→ **INFORMATION PROVIDED**:
########

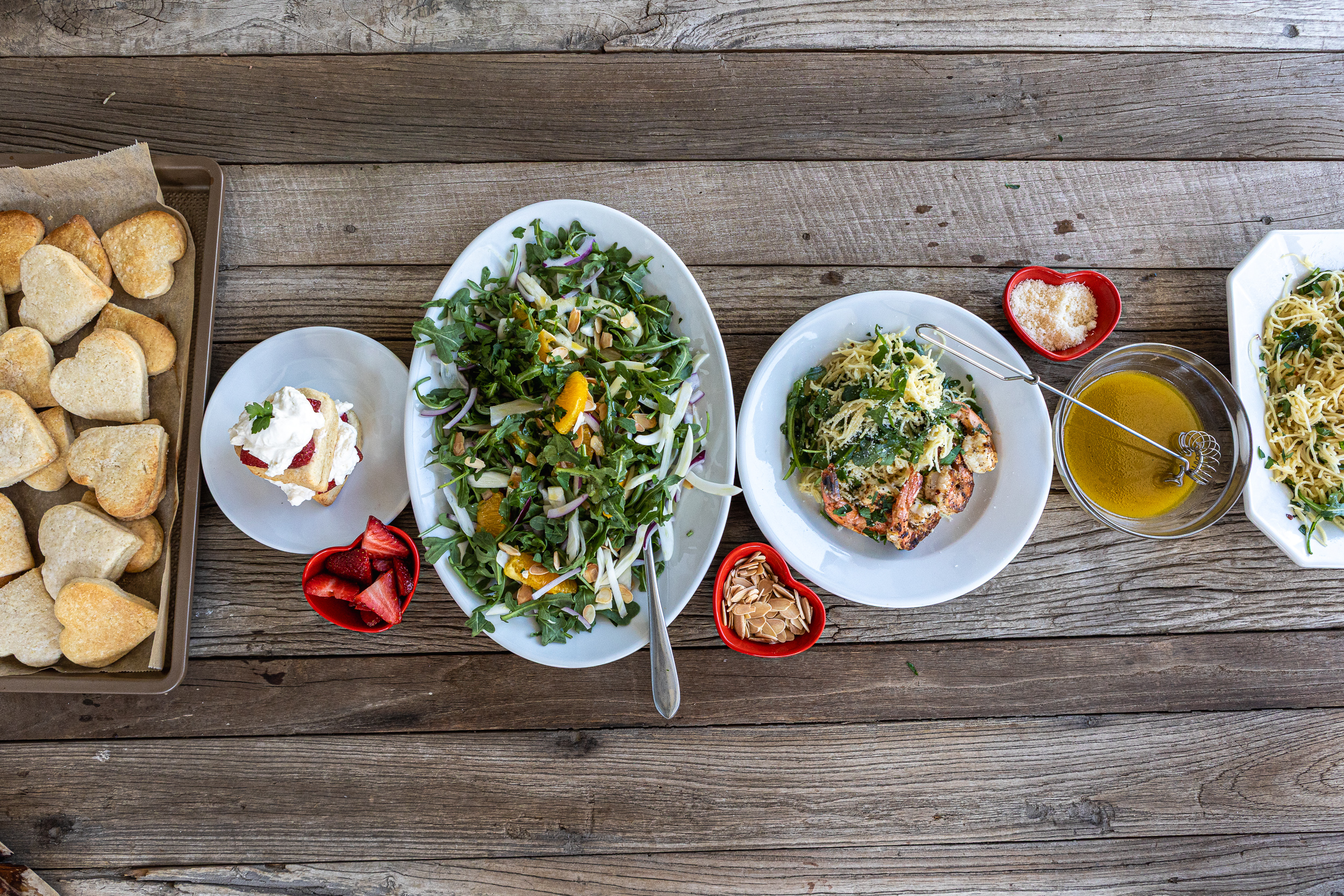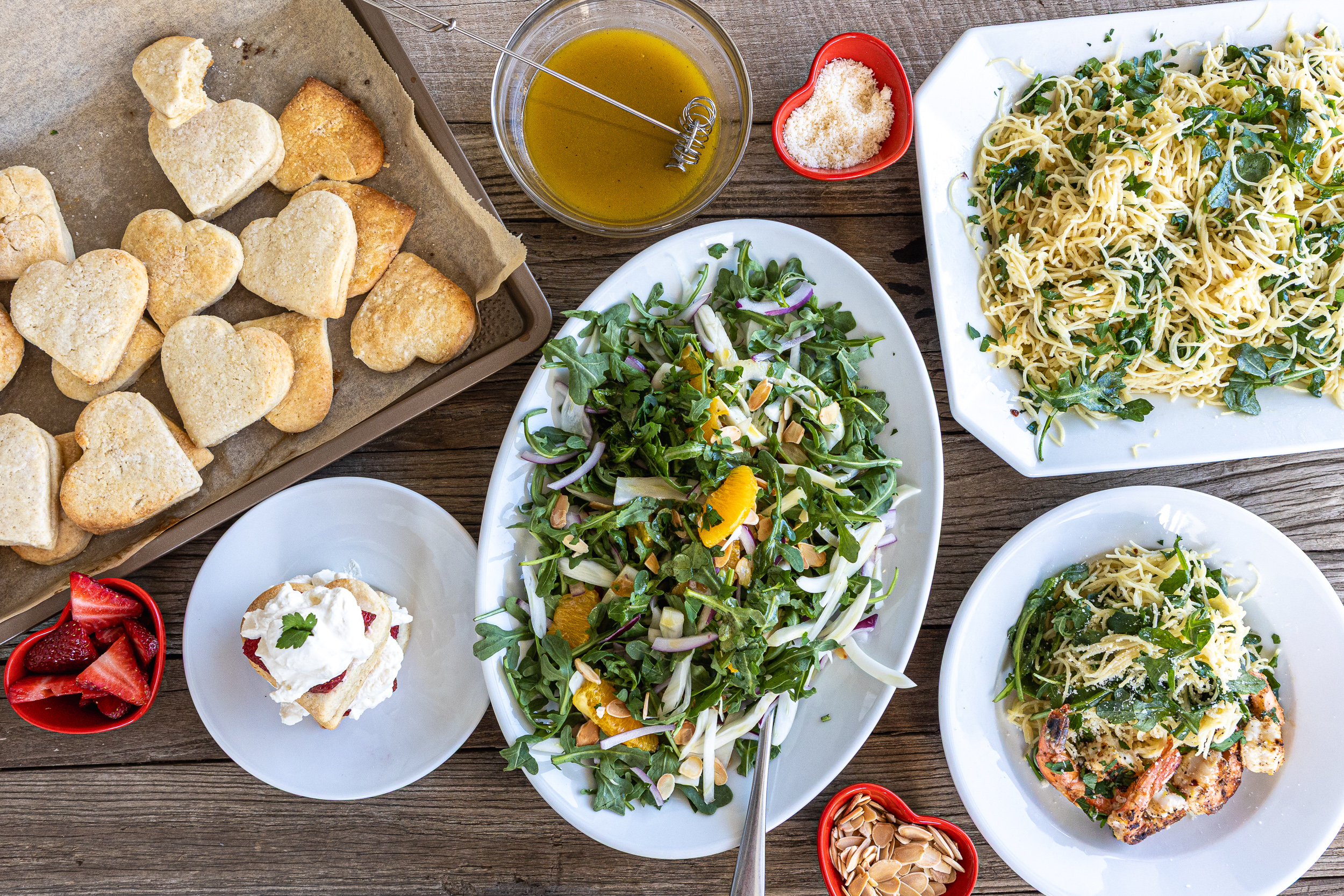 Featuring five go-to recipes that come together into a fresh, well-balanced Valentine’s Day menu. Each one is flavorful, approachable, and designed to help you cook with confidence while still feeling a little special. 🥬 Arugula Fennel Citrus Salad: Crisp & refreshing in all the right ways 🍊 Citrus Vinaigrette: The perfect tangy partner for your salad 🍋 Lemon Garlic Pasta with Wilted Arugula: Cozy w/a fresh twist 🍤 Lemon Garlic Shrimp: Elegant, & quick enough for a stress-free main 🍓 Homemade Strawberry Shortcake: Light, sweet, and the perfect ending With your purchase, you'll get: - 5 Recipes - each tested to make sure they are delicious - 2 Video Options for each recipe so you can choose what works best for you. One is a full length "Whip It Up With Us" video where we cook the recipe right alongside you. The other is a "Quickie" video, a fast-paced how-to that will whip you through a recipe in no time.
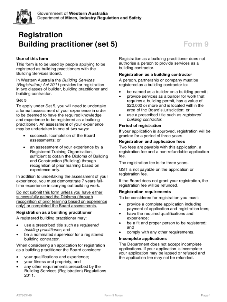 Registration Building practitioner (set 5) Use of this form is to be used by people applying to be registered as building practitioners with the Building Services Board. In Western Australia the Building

########

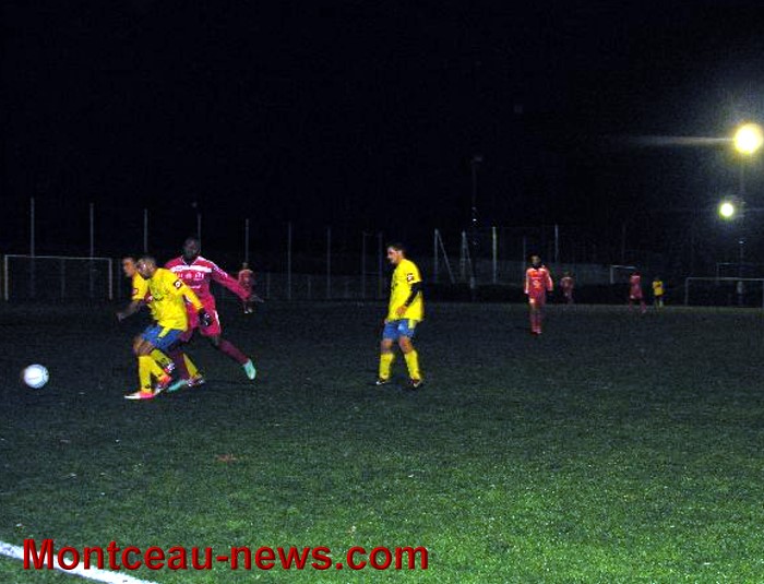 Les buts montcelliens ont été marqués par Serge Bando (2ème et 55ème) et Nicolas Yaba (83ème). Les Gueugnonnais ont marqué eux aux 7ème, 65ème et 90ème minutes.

########

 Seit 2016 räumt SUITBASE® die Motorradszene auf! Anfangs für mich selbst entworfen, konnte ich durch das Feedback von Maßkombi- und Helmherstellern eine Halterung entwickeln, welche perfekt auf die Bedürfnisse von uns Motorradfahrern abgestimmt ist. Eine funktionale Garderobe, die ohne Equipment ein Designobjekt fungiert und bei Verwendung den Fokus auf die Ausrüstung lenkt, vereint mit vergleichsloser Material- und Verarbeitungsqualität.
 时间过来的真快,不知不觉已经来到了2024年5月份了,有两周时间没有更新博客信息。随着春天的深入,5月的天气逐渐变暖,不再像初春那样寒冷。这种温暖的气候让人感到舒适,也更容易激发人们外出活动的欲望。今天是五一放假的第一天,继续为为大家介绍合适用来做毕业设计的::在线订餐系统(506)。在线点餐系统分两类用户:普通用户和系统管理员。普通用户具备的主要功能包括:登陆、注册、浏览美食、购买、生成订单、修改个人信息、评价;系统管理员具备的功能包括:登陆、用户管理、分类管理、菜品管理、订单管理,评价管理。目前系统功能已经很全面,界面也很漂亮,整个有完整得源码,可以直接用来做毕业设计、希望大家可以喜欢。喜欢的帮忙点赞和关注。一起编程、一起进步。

########

→ **EXERCISE INSTRUCTIONS**:
In the listing above, find the line containing "Featuring five go-to" and the line containing "Registration Building practitioner", then print exactly those two lines and every line between them, minus the pictures.

→ **THE ANSWER**:
 Featuring five go-to recipes that come together into a fresh, well-balanced Valentine’s Day menu. Each one is flavorful, approachable, and designed to help you cook with confidence while still feeling a little special. 🥬 Arugula Fennel Citrus Salad: Crisp & refreshing in all the right ways 🍊 Citrus Vinaigrette: The perfect tangy partner for your salad 🍋 Lemon Garlic Pasta with Wilted Arugula: Cozy w/a fresh twist 🍤 Lemon Garlic Shrimp: Elegant, & quick enough for a stress-free main 🍓 Homemade Strawberry Shortcake: Light, sweet, and the perfect ending With your purchase, you'll get: - 5 Recipes - each tested to make sure they are delicious - 2 Video Options for each recipe so you can choose what works best for you. One is a full length "Whip It Up With Us" video where we cook the recipe right alongside you. The other is a "Quickie" video, a fast-paced how-to that will whip you through a recipe in no time.
 Registration Building practitioner (set 5) Use of this form is to be used by people applying to be registered as building practitioners with the Building Services Board. In Western Australia the Building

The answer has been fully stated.